Nate Meyvis

Really fast feedback is great

Feedback is great, fast feedback is better, and really fast feedback is disproportionately effective. Really fast feedback is so effective that it's often worth sacrificing on other dimensions (including, but not limited to, p50 response time) to give more feedback quickly.

By "effective" I mean effective on any relevant dimension: education, persuasion, deterrence, amusement, or whatever else. Obviously I can't prove this in general, but:

  1. I have abundant anecodotal evidence of this, both in giving and in receiving really fast feedback, in education and other domains.
  2. Patrick McKenzie says so: he jokes that he has a policy of paying contractors "net 30," but the "30" means 30 minutes.
  3. Researchers tell us (e.g., here) that not just the certainty but the speed of punishment is important to its deterrent effect.1
  4. It's a principle of software design: it matters a lot how quickly you tell the user the most important information.
  5. It's a principle of dog training: a lot of communication is possible as long as you do it in tenths of a second.2

Really fast feedback is, obviously, not always practical.

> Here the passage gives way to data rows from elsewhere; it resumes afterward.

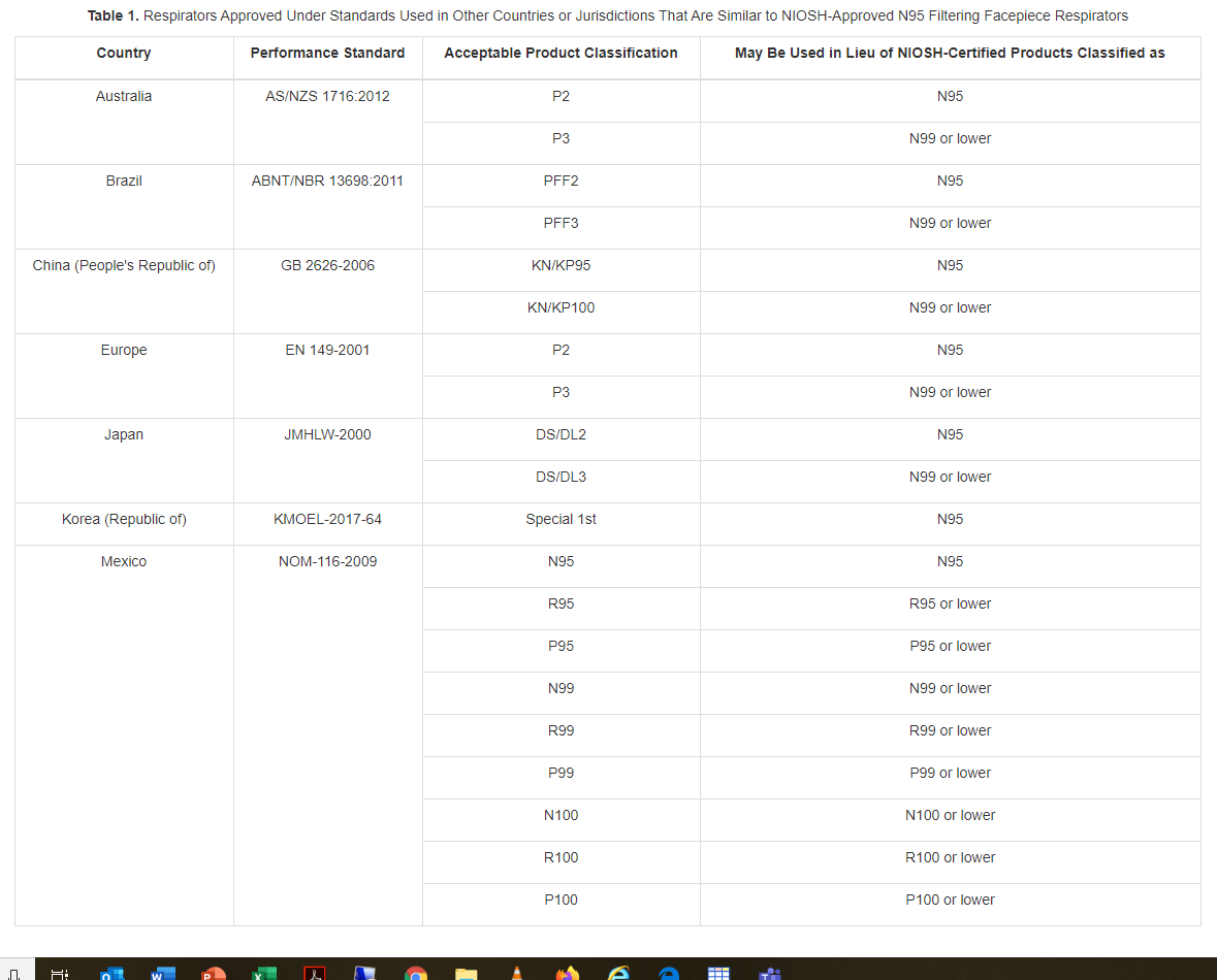 Specific Foreign Made N95 Type Respirator Use is Permissible for COVID-19 Protection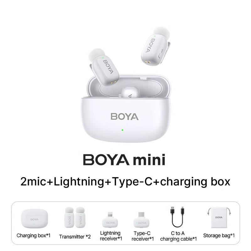 Kit BOYA composto por dois microfones de lapela sem fios + recetor Type-C + Lightning; Incrivelmente pequenos e leves, não vai sentir que os está a usar; Captação de áudio 2.4GHz Wireless de alta qualidade da BOYA; Resolução de 48 kHz/16 bits e uma resposta de frequência de 20 Hz-20 kHz; Sistema Plug & Play: Basta ligar, emparelhar e começar a usar; Cancelamento de ruído de 3 níveis, para conversas mais limpas sem ruído de fundo; O micro possui 3 modos de alteração de voz divertidos para express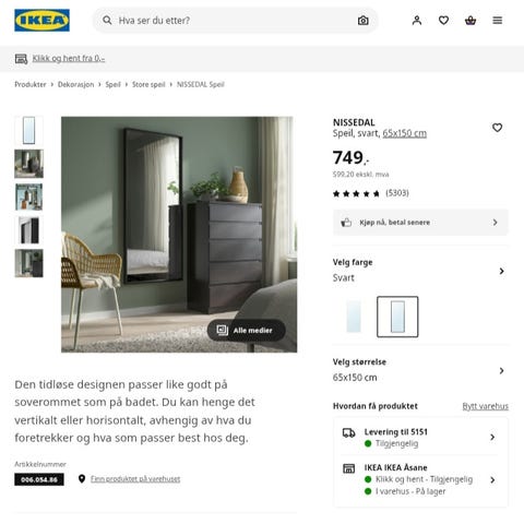 2 Svarte Ikea Nissedal speil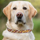 Good quality and fit is perfect for our Treeing Walker Coonhound/Beagle mix - about 45lbs and 15” neck. I wish it was pink all around (why I took off 1 star) but goid quality, printing! See above description - I added the flower to her collar in the photos

Sometimes you need to guard your attention in a way that precludes it. Sometimes you don't want the feedback to be effective in the relevant sense. But often we do want this and can get it pretty cheaply--e.g., by tackling some tasks LIFO instead of FIFO when they include an element of giving feedback. If you want to keep contractors happy, paying them immediately (instead of paying them, say, 5% more) can be both cheaper for you and better for them. Many other such efficiencies are possible.


  1. Some caveats: I can't find some of the citations I have in mind, and from what I know it's a complicated literature.

  2. Human children too, but it's more complicated and you don't always need to operate at the tenths-of-a-second scale.